The royalty model is complicated and inefficient, especially for composers. And economies do a good job of weeding out complexity and inefficiency. So consider that fact when considering the future of PROs and, more generally, royalties in music.

rgames


----------



## SamC (Aug 7, 2021)

rgames said:


> That's the other reason why PROs will eventually go away: why do composers even need royalties? Do the gig, get paid up front, and move on. There's an entire planet's worth of people who make a living that way, including most in the music biz, but because of the history of royalties in the music biz, composers don't.
> 
> For example, VFX/CG artists don't have a PRO and don't collect royalties. They do the same kid of job as composers: work with the director to help him realize his vision through their craft. They sign a contract, do the gig and get paid. Done. Next. It's a vastly more efficient model.
> 
> ...


Being a VFX artists is some of the most under-valued, border-line slave labour style work in this industry. It isn’t at all efficient. Open letters from the VFX/CG community have literally requested a royalty or “points” on films because of this.
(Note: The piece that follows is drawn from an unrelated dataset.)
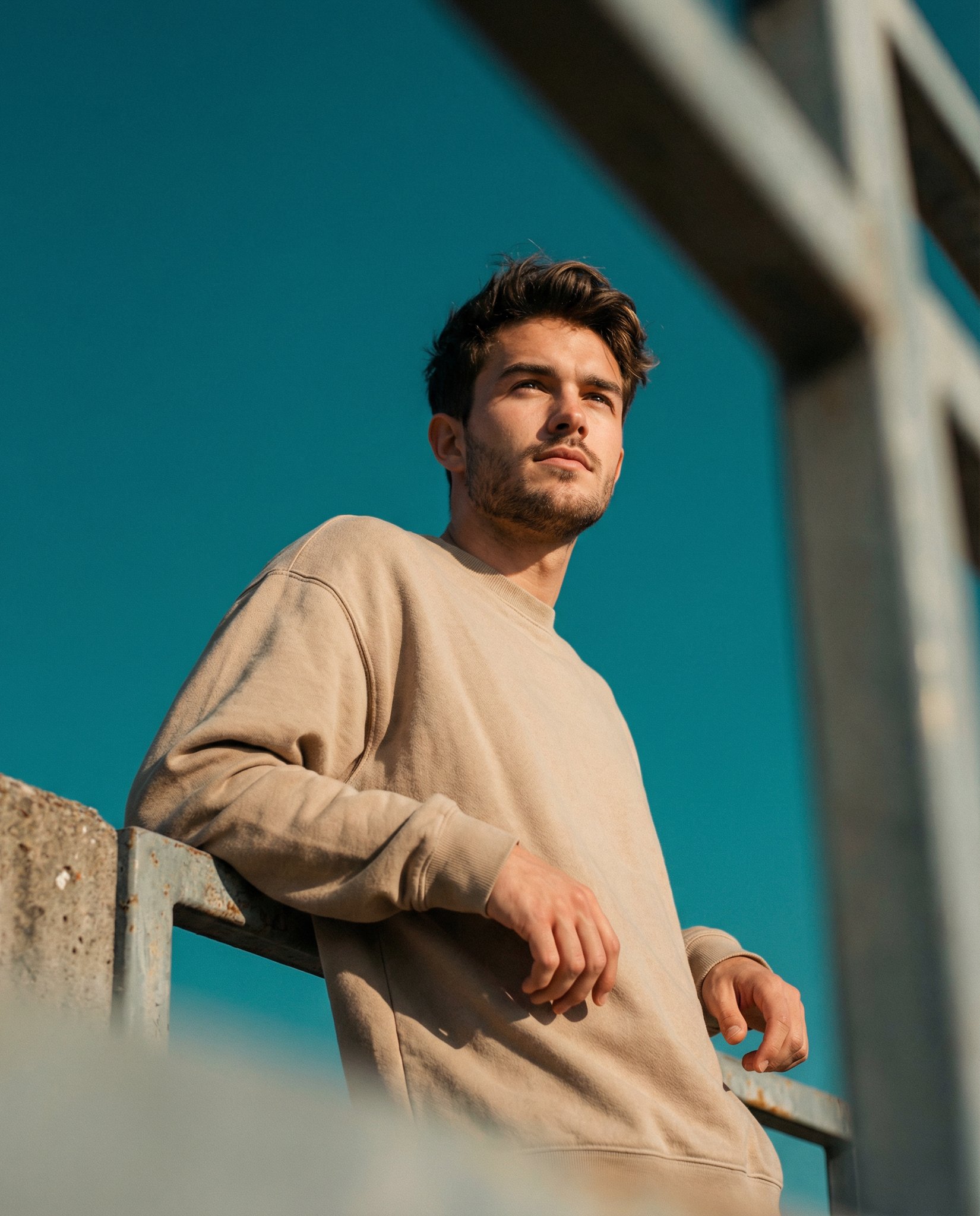 Nano Banana 2 on @PixPrettyAI Prompt: A cinematic low-angle portrait shot on a 50mm lens, looking upward at a male subject using the uploaded face as reference. He leans casually against a weathered concrete and metal railing, resting both elbows. The subject has short dark hair with subtle sun-kissed highlights and light natural texture, with a slightly tousled appearance. He wears an oversized, textured beige long-sleeve crewneck sweatshirt with a relaxed, loose drape. He gazes upward to the right with a calm, introspective expression, conveying quiet confidence and contemplation. Soft, warm natural sunlight illuminates the scene, casting gentle shadows along the jawline and emphasizing facial structure with realistic skin subsurface scattering. A strong foreground bokeh from a structural element on the right adds depth and framing. The background is a vast, solid deep teal-cyan sky, creating a cinematic teal-and-orange analog film color grade, with subtle film grain and natural contrast.

What do you think would happen if you went to all these creatives who work on films and offered them a royalty for their work. Do you think they’d turn it down or do you think they’d say yes?

People have reiterated on this board that royalties can vanish, but upfront fees would have to grow. The reason royalties are more important now is because *both* clients and composers are relying on royalties to pick up the slack. I’m following the money…and *for now* the money is still in royalties. When it isn’t, I’ll adapt.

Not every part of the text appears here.